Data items
»»

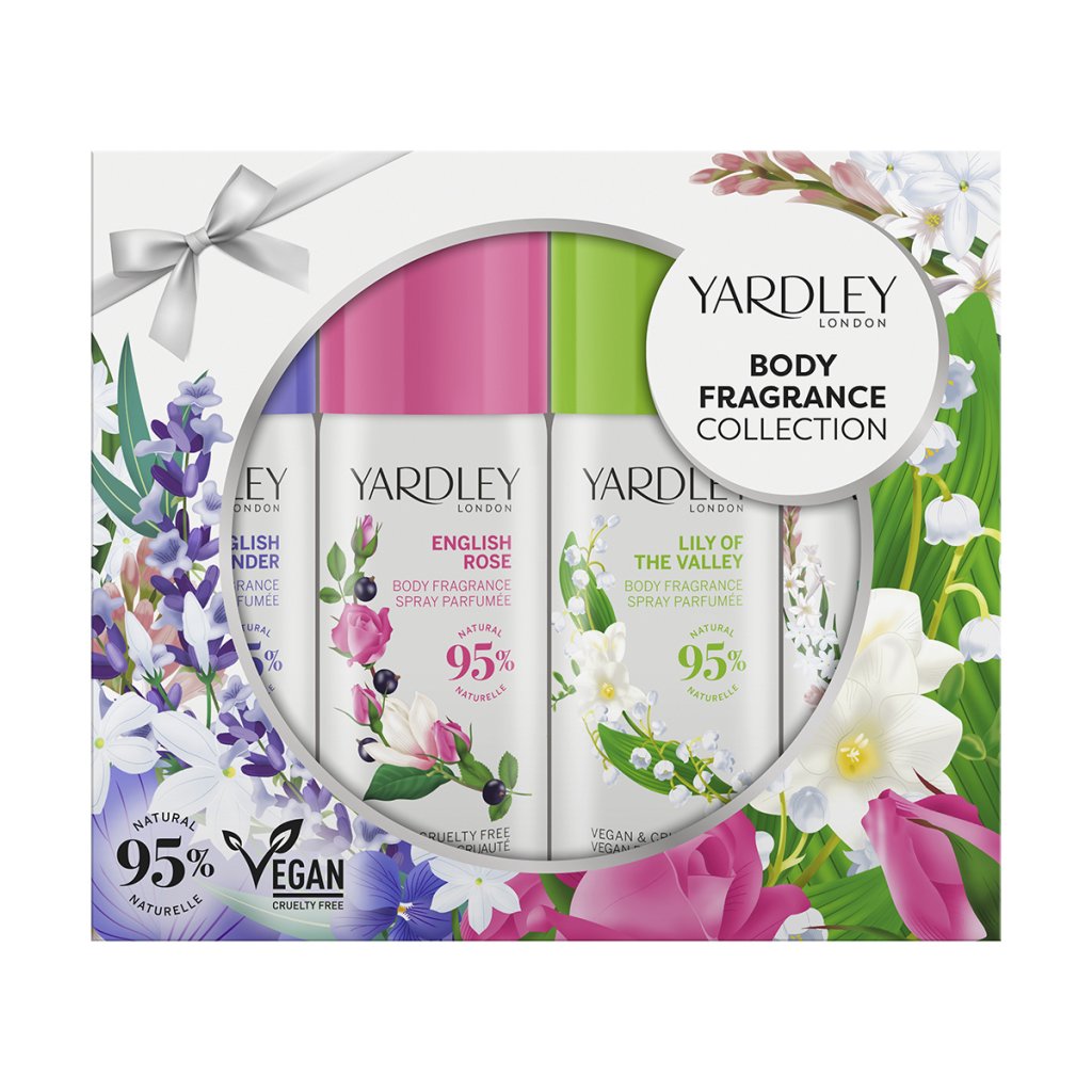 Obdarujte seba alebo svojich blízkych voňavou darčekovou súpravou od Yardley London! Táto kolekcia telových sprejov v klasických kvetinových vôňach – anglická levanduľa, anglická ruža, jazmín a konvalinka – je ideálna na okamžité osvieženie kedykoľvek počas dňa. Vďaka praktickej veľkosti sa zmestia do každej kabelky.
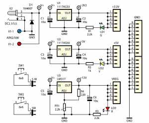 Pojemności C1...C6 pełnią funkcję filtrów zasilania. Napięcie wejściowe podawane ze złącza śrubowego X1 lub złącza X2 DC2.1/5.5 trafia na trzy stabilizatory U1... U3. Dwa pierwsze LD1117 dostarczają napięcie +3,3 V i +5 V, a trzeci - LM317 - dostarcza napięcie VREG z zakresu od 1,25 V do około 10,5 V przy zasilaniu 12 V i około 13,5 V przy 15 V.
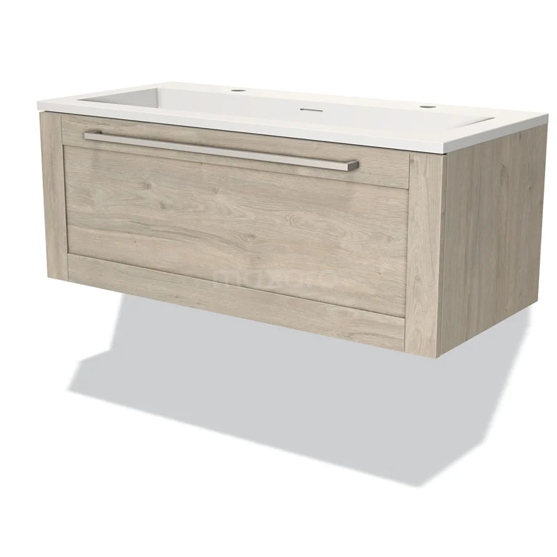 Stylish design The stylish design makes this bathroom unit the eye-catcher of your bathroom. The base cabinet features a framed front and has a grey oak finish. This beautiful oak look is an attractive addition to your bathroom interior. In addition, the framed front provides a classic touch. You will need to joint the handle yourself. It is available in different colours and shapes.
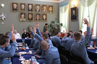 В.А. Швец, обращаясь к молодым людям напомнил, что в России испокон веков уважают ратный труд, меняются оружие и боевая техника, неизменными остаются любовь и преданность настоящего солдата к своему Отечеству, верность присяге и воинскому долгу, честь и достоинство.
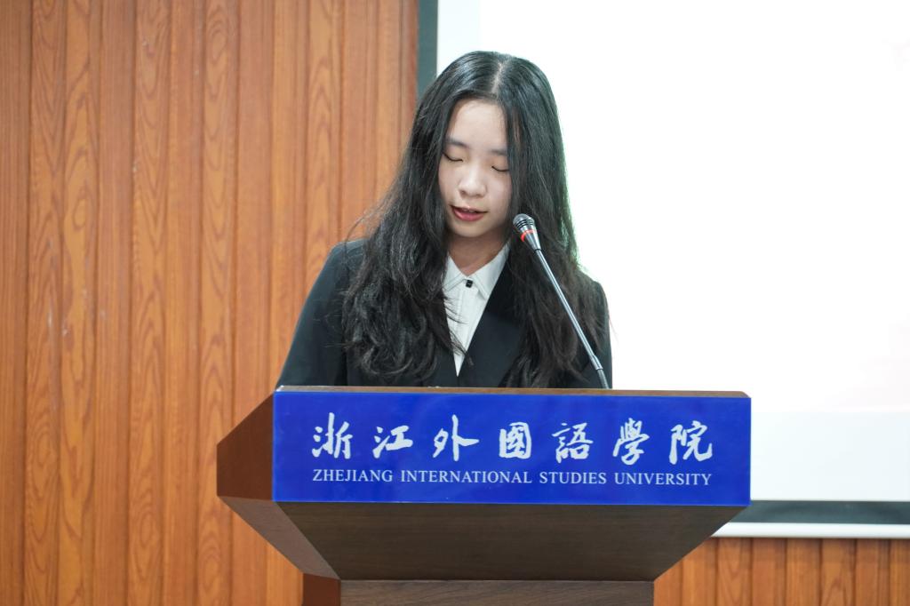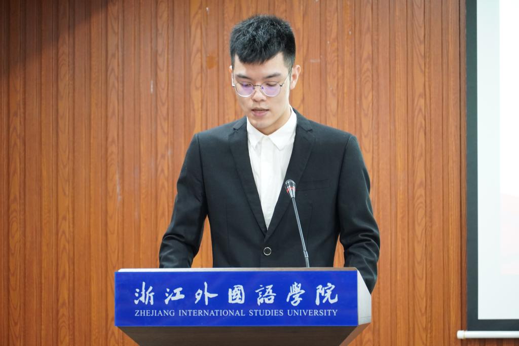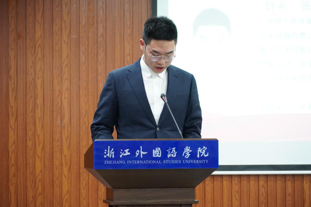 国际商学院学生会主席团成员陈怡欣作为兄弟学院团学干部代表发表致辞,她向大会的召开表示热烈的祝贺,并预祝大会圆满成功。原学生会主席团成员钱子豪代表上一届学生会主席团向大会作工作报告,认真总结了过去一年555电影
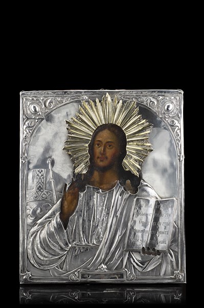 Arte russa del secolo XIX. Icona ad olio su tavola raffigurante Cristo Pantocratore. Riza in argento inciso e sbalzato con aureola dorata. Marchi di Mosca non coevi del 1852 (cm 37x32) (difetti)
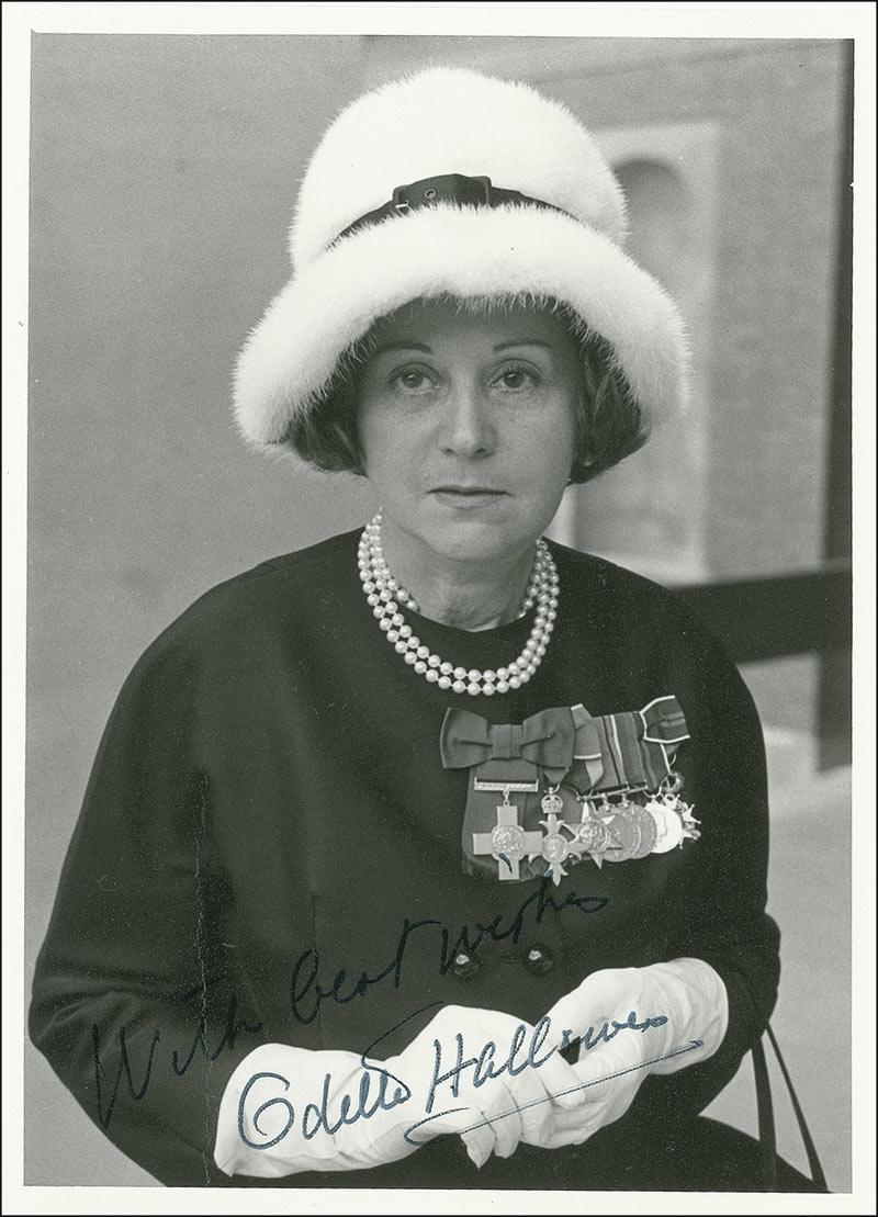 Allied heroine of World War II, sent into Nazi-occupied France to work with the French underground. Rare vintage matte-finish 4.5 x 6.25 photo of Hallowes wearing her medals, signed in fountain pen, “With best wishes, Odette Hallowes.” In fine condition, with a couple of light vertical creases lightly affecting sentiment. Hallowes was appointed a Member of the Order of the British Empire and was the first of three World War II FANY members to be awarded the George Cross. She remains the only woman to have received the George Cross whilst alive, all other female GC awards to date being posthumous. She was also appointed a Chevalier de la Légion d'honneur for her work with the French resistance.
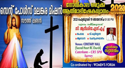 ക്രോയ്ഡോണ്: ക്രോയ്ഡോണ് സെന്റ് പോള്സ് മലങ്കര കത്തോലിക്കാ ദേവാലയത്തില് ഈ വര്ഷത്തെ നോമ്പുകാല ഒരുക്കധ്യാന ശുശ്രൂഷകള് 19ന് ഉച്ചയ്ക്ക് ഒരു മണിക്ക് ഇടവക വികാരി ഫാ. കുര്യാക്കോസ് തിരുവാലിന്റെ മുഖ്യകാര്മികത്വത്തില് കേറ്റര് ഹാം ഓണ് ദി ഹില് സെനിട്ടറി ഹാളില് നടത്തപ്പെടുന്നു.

««

What you are asked to do: Up to and including the line that holds "国际商学院学生会主席团成员陈", restate word for word each line of the records from their start, and only those lines, leaving out the pictures.

Output:
 Obdarujte seba alebo svojich blízkych voňavou darčekovou súpravou od Yardley London! Táto kolekcia telových sprejov v klasických kvetinových vôňach – anglická levanduľa, anglická ruža, jazmín a konvalinka – je ideálna na okamžité osvieženie kedykoľvek počas dňa. Vďaka praktickej veľkosti sa zmestia do každej kabelky.
 Pojemności C1...C6 pełnią funkcję filtrów zasilania. Napięcie wejściowe podawane ze złącza śrubowego X1 lub złącza X2 DC2.1/5.5 trafia na trzy stabilizatory U1... U3. Dwa pierwsze LD1117 dostarczają napięcie +3,3 V i +5 V, a trzeci - LM317 - dostarcza napięcie VREG z zakresu od 1,25 V do około 10,5 V przy zasilaniu 12 V i około 13,5 V przy 15 V.
 Stylish design The stylish design makes this bathroom unit the eye-catcher of your bathroom. The base cabinet features a framed front and has a grey oak finish. This beautiful oak look is an attractive addition to your bathroom interior. In addition, the framed front provides a classic touch. You will need to joint the handle yourself. It is available in different colours and shapes.
 В.А. Швец, обращаясь к молодым людям напомнил, что в России испокон веков уважают ратный труд, меняются оружие и боевая техника, неизменными остаются любовь и преданность настоящего солдата к своему Отечеству, верность присяге и воинскому долгу, честь и достоинство.
 国际商学院学生会主席团成员陈怡欣作为兄弟学院团学干部代表发表致辞,她向大会的召开表示热烈的祝贺,并预祝大会圆满成功。原学生会主席团成员钱子豪代表上一届学生会主席团向大会作工作报告,认真总结了过去一年555电影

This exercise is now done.